Input material: Begin

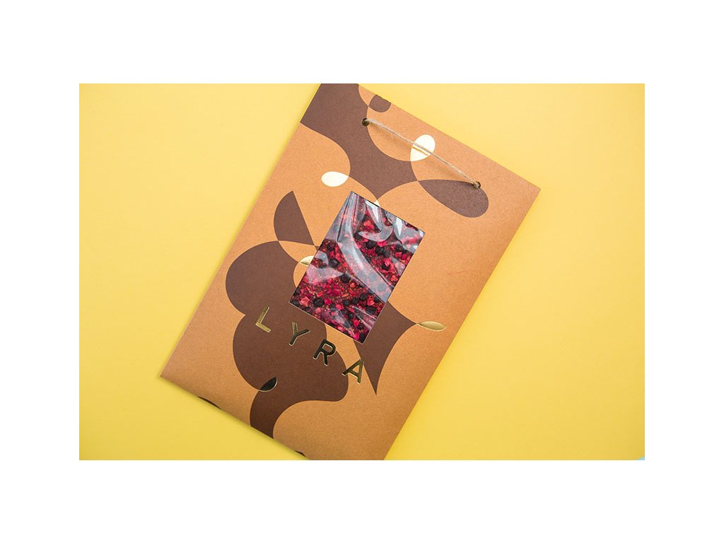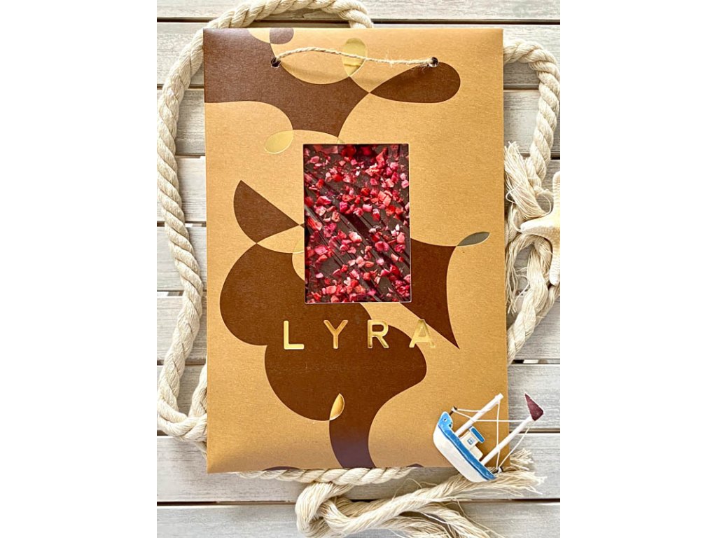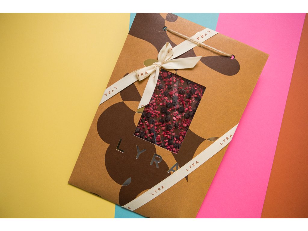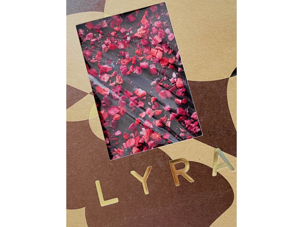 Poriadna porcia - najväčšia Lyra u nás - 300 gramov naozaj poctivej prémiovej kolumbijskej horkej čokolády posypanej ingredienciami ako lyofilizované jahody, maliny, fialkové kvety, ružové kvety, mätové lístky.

Input material: End
Input material: Begin

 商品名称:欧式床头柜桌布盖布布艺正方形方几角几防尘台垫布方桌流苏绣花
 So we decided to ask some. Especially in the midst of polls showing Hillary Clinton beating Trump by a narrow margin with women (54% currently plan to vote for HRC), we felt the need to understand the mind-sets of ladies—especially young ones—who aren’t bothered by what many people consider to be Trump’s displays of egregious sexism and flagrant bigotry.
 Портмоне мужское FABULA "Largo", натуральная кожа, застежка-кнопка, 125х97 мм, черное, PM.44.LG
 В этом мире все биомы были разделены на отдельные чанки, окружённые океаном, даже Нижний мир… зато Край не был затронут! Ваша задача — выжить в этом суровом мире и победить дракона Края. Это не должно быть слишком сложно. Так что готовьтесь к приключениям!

Input material: End

## Task directions
In the entries above, please find the line with "Портмоне мужское FABULA" and the line with "В этом мире", then write out exactly those two lines and every line between them, and nothing more.

## Exercise result
 Портмоне мужское FABULA "Largo", натуральная кожа, застежка-кнопка, 125х97 мм, черное, PM.44.LG
 В этом мире все биомы были разделены на отдельные чанки, окружённые океаном, даже Нижний мир… зато Край не был затронут! Ваша задача — выжить в этом суровом мире и победить дракона Края. Это не должно быть слишком сложно. Так что готовьтесь к приключениям!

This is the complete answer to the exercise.